Collection entries:
★ ★ ★ ★
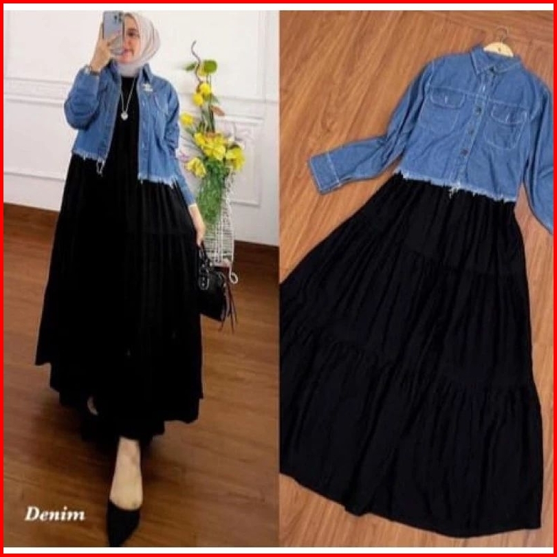 One Set Jaket Jeans Crop Dan Iner Susun Dress Busui Setelan Wanita Kekinian Dan Viral Ukuran Jumbo
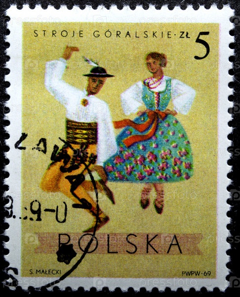 Почтовая марка с гашением Польша 1969 год. Народные костюмы горцев
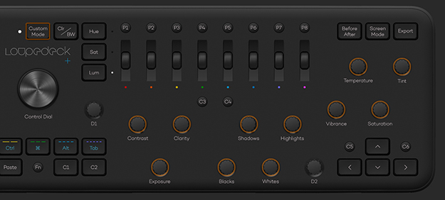 本体上部にある「P1」~「P8」にはプリセットが登録できる。初期設定ではLoupedeckが提供するプリセットが登録されているが、自分で作ったプリセットも登録可能だ(カスタマイズについては後述)。
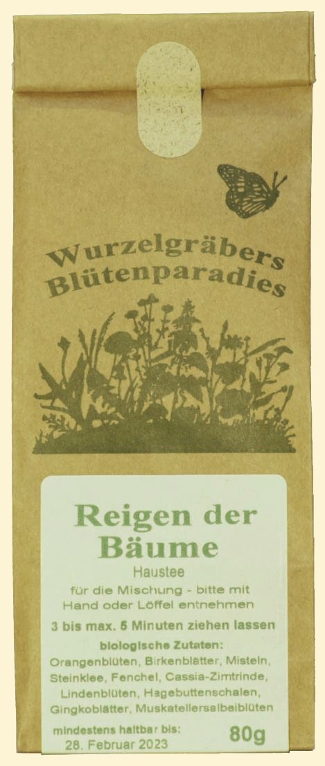 Reigen der Bäume Bei der Geburt von diesem geschmacklichem Wunder war der Kopf nicht beteiligt, weil Gedanken manchmal hinderlich sind. Er huldigt den unzähligen kleinen Helfern mit ihrer riesigen Leistung und ermöglicht Sauerstoff bis in die hintersten Winkel unseres Gehirns zu befördern. In diesem, sehr anspruchsvollem Tee vereinen sich die einzeln geschmacklich fraglichen Misteln, Birkenblatt und Ginkgoblätter zu einem anmutigem Walzer. Zutaten kbA: Orangenblüten, Birkenblätter, Misteln, Steinklee, Fenchel bitter, Zimtrinde, Lindenblüten, Hagebuttenschalen, Ginkgoblätter, Muskatellersalbei |
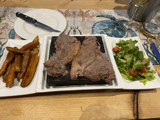 I ordered the hot rock rump steak, which was a real novelty. The steak was delicious and really good quality and the chips were amazing!
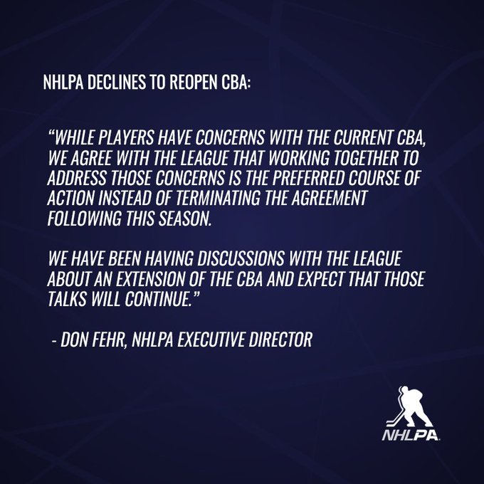 The #NHLPA announced today that the Executive Board has declined to reopen the CBA with the NHL following the 2019-20 season. The current CBA remains in effect through the 2021-22 season.
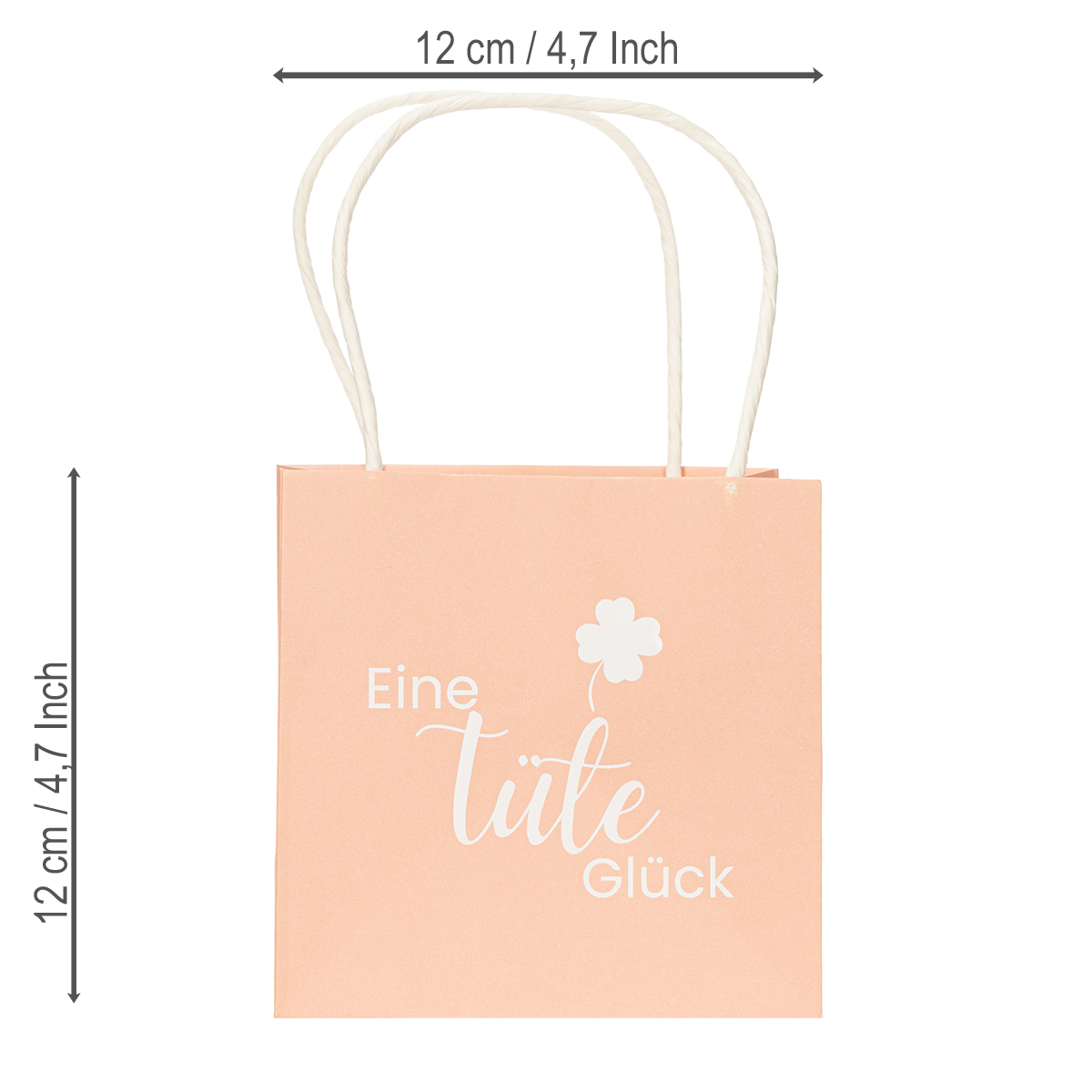 Dovanų maišelis su spauda „Laimės maišelis“ mieloms dovanų idėjoms, 12 cm, 12 vnt.
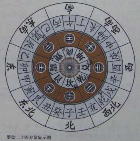 罗盘上由易经八卦去代表八个方位,每个方位再包含三个方位,合共二十四个方位。
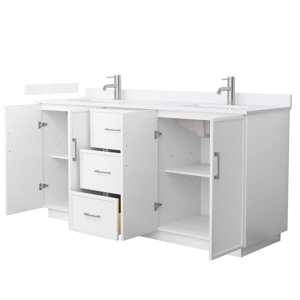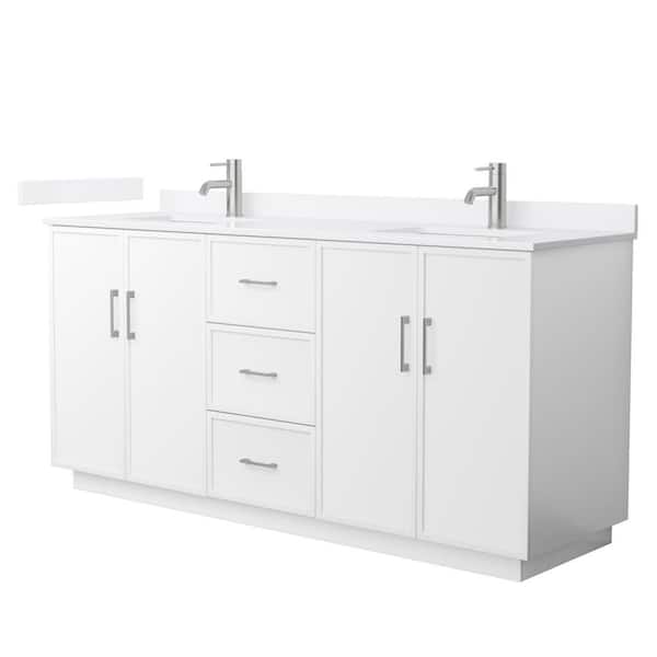 Elan TK 72 in. Double Freestanding White Bath Vanity with White Quartz Top (Assembled)
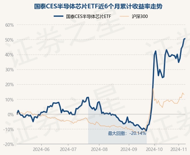 证券之星消息,11月8日,国泰CES半导体芯片ETF最新单位净值为1.1808元,累计净值为2.3616元,较前一交易日上涨0.33%。历史数据显示该基金近1个月上涨7.88%,近3个月上涨49.87%,近6个月上涨50.67%,近1年上涨19.07%。该基金近6个月的累计收益率走势如下图:
★ ★ ★ ★
Instructions to follow:
Without the pictures, give every line above again exactly.

Response area:
 One Set Jaket Jeans Crop Dan Iner Susun Dress Busui Setelan Wanita Kekinian Dan Viral Ukuran Jumbo
 Почтовая марка с гашением Польша 1969 год. Народные костюмы горцев
 本体上部にある「P1」~「P8」にはプリセットが登録できる。初期設定ではLoupedeckが提供するプリセットが登録されているが、自分で作ったプリセットも登録可能だ(カスタマイズについては後述)。
 Reigen der Bäume Bei der Geburt von diesem geschmacklichem Wunder war der Kopf nicht beteiligt, weil Gedanken manchmal hinderlich sind. Er huldigt den unzähligen kleinen Helfern mit ihrer riesigen Leistung und ermöglicht Sauerstoff bis in die hintersten Winkel unseres Gehirns zu befördern. In diesem, sehr anspruchsvollem Tee vereinen sich die einzeln geschmacklich fraglichen Misteln, Birkenblatt und Ginkgoblätter zu einem anmutigem Walzer. Zutaten kbA: Orangenblüten, Birkenblätter, Misteln, Steinklee, Fenchel bitter, Zimtrinde, Lindenblüten, Hagebuttenschalen, Ginkgoblätter, Muskatellersalbei |
 I ordered the hot rock rump steak, which was a real novelty. The steak was delicious and really good quality and the chips were amazing!
 The #NHLPA announced today that the Executive Board has declined to reopen the CBA with the NHL following the 2019-20 season. The current CBA remains in effect through the 2021-22 season.
 Dovanų maišelis su spauda „Laimės maišelis“ mieloms dovanų idėjoms, 12 cm, 12 vnt.
 罗盘上由易经八卦去代表八个方位,每个方位再包含三个方位,合共二十四个方位。
 Elan TK 72 in. Double Freestanding White Bath Vanity with White Quartz Top (Assembled)
 证券之星消息,11月8日,国泰CES半导体芯片ETF最新单位净值为1.1808元,累计净值为2.3616元,较前一交易日上涨0.33%。历史数据显示该基金近1个月上涨7.88%,近3个月上涨49.87%,近6个月上涨50.67%,近1年上涨19.07%。该基金近6个月的累计收益率走势如下图:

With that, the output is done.